(Stored dataset items)
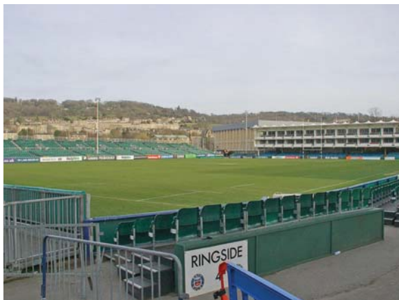
The Recreation Ground stadium has a maximum capacity of 14,000

"The trustees would like to thank the tribunal for the clarity of their judgement on this complex issue and for the guidance offered on the next steps required," the statement said. "The appeal addressed a specific point of law around the status of the Recreation Ground and the judgement has clarified that in essence the land is to be used as a recreation ground for the public and can
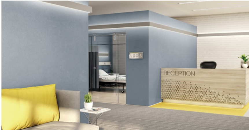
Walo wall direct/indirect
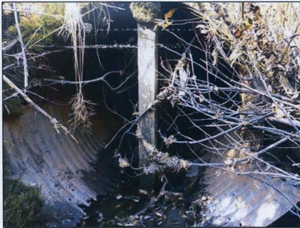
Site 9: Culvert. Photo taken September 29, 2016
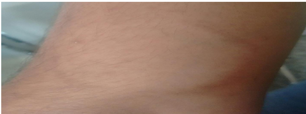
Fig-7: 4 th week-grade 4 response
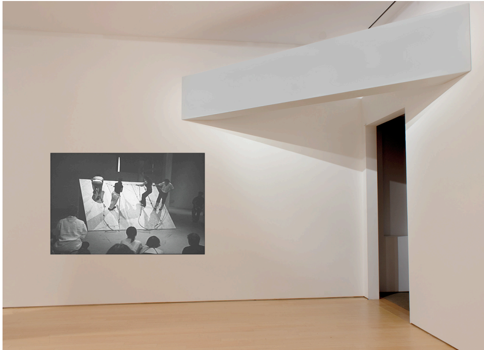
Simone Forti's 'Slant Board' (1961) and Robert Morris's "Corner Beam" (1964)

Matched up with Forti's film is Morris's "Corner Beam" (1964), one of a series of large-scale geometric forms originally created for a solo show at the Green Gallery, in which the artist focused on delineating the gallery space. Reinstalled here, the work is just as successful as must have been then, redefining and reactivating the physical space. Stripped of distractions, details, or metaphorical references — even of surface inflection — its severity assimilates so perfectly to the white box that viewers might miss it entirely. Its bold simplicity is a foil to Forti's athletic Slant Board .

• **TASK STATEMENT**: Could every entry be restated word for word, pictures excluded?

• **RESPONSE BOX**:
The Recreation Ground stadium has a maximum capacity of 14,000

"The trustees would like to thank the tribunal for the clarity of their judgement on this complex issue and for the guidance offered on the next steps required," the statement said. "The appeal addressed a specific point of law around the status of the Recreation Ground and the judgement has clarified that in essence the land is to be used as a recreation ground for the public and can
Walo wall direct/indirect
Site 9: Culvert. Photo taken September 29, 2016
Fig-7: 4 th week-grade 4 response
Simone Forti's 'Slant Board' (1961) and Robert Morris's "Corner Beam" (1964)

Matched up with Forti's film is Morris's "Corner Beam" (1964), one of a series of large-scale geometric forms originally created for a solo show at the Green Gallery, in which the artist focused on delineating the gallery space. Reinstalled here, the work is just as successful as must have been then, redefining and reactivating the physical space. Stripped of distractions, details, or metaphorical references — even of surface inflection — its severity assimilates so perfectly to the white box that viewers might miss it entirely. Its bold simplicity is a foil to Forti's athletic Slant Board .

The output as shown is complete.